» **WORK TASK**
Among the entries below, only the lines from the one with "Swedish porcelain manufacturer" through the one with "Die schimmernde Metallic-Optik" are wanted, reproduced exactly. Pictures are not wanted.
*** Opening EXTRACTED RECORDS ***
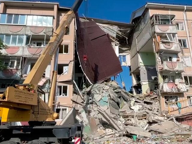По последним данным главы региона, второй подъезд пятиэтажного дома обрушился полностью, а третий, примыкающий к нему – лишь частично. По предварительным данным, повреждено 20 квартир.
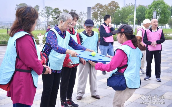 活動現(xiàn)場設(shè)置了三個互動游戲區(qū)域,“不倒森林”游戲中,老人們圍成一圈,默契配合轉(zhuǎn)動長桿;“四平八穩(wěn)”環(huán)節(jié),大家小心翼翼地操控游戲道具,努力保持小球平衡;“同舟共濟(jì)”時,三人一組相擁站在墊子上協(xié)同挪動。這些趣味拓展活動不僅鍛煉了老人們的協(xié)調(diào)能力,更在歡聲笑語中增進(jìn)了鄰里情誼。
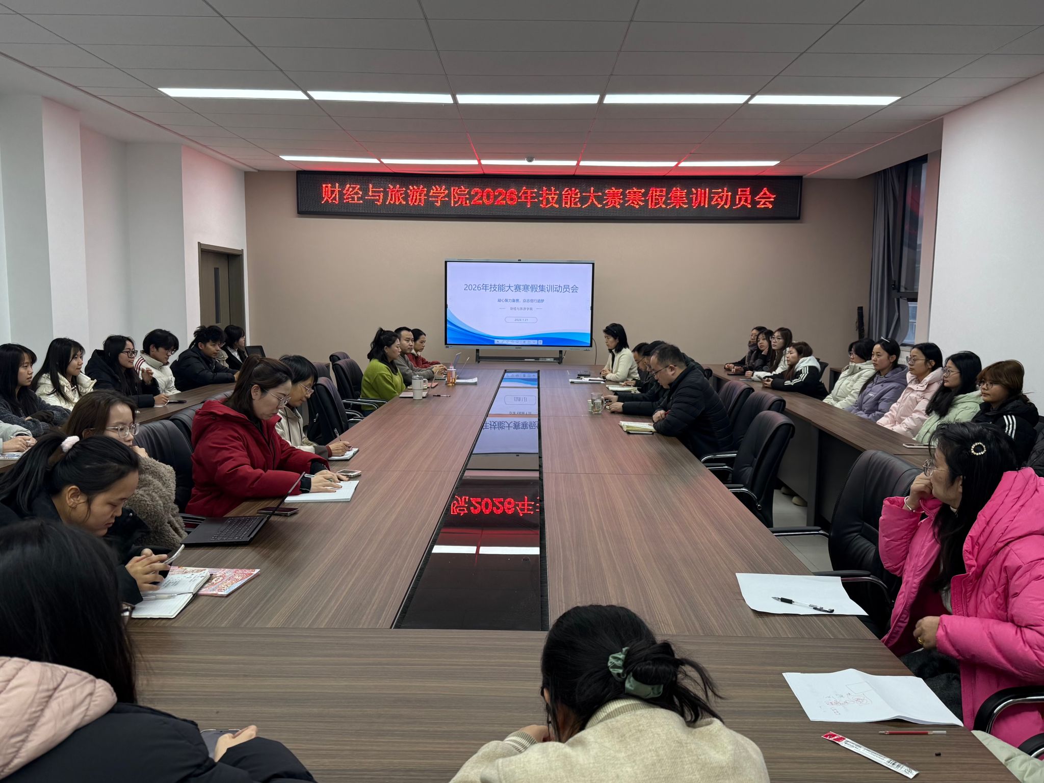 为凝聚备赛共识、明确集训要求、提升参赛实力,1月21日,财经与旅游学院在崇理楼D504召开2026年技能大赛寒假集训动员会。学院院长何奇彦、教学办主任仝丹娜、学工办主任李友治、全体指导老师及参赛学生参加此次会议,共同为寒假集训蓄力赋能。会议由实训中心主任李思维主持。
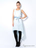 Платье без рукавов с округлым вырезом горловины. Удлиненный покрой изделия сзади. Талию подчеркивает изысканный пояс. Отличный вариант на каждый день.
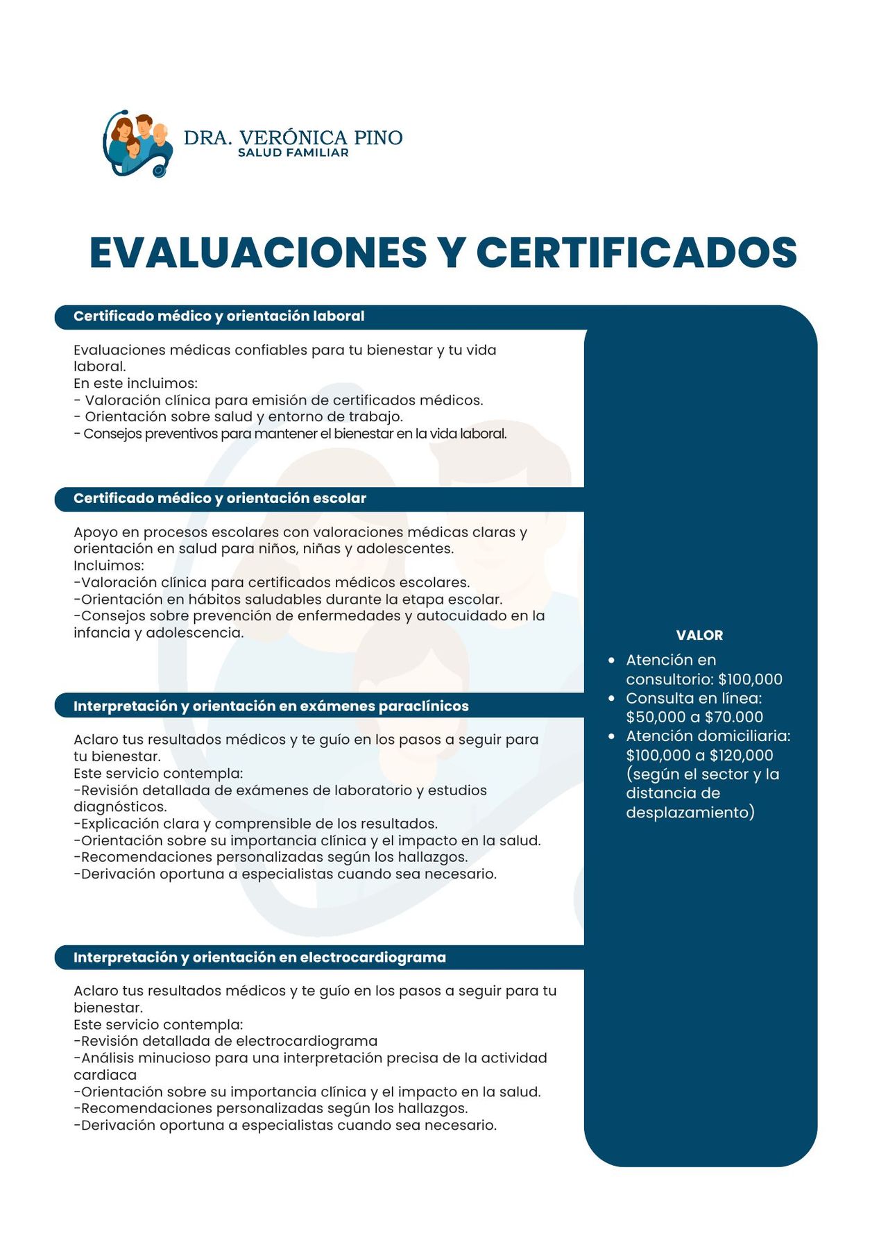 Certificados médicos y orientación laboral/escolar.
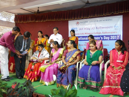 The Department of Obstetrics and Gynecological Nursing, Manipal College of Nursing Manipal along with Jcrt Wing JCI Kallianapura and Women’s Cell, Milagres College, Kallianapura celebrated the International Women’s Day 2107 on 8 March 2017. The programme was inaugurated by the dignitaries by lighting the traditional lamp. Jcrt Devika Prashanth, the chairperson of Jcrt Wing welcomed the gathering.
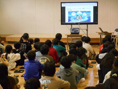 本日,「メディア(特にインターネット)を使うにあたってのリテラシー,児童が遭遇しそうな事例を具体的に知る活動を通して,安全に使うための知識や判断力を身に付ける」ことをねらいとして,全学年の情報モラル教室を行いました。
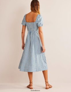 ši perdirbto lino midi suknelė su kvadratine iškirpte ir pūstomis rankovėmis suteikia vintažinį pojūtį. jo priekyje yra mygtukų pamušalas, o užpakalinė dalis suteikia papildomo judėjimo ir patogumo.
*** Closing EXTRACTED RECORDS ***
*** Opening EXTRACTED RECORDS ***
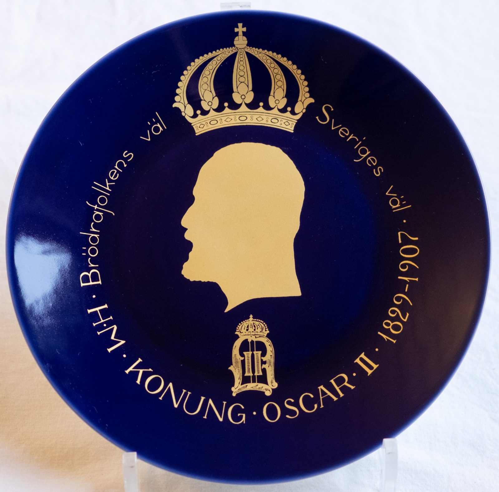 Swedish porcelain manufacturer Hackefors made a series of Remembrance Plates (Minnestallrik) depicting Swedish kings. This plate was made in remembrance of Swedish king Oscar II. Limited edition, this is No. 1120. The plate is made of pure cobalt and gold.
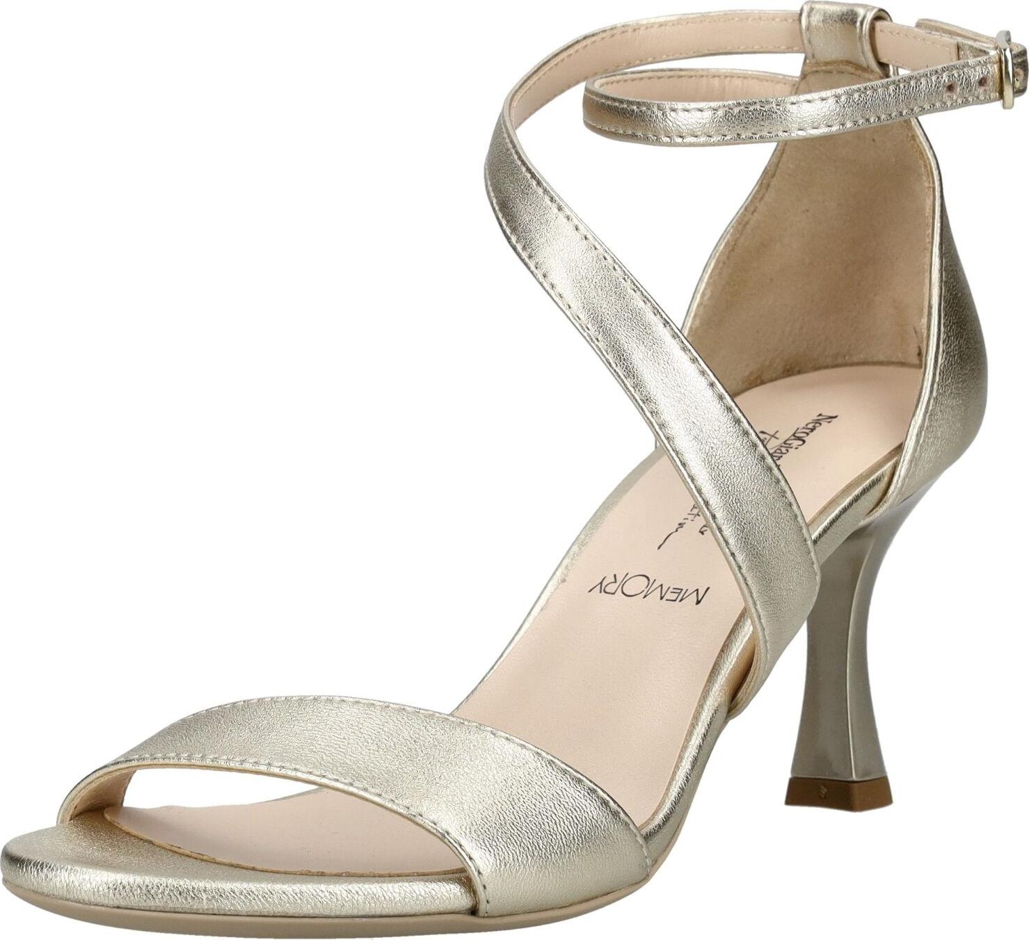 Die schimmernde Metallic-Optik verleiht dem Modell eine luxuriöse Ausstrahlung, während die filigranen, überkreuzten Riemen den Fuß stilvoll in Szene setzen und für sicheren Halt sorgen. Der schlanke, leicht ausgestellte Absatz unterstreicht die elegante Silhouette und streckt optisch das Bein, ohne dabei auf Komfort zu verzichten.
*** Closing EXTRACTED RECORDS ***
» **ANSWER BOX**
 Swedish porcelain manufacturer Hackefors made a series of Remembrance Plates (Minnestallrik) depicting Swedish kings. This plate was made in remembrance of Swedish king Oscar II. Limited edition, this is No. 1120. The plate is made of pure cobalt and gold.
 Die schimmernde Metallic-Optik verleiht dem Modell eine luxuriöse Ausstrahlung, während die filigranen, überkreuzten Riemen den Fuß stilvoll in Szene setzen und für sicheren Halt sorgen. Der schlanke, leicht ausgestellte Absatz unterstreicht die elegante Silhouette und streckt optisch das Bein, ohne dabei auf Komfort zu verzichten.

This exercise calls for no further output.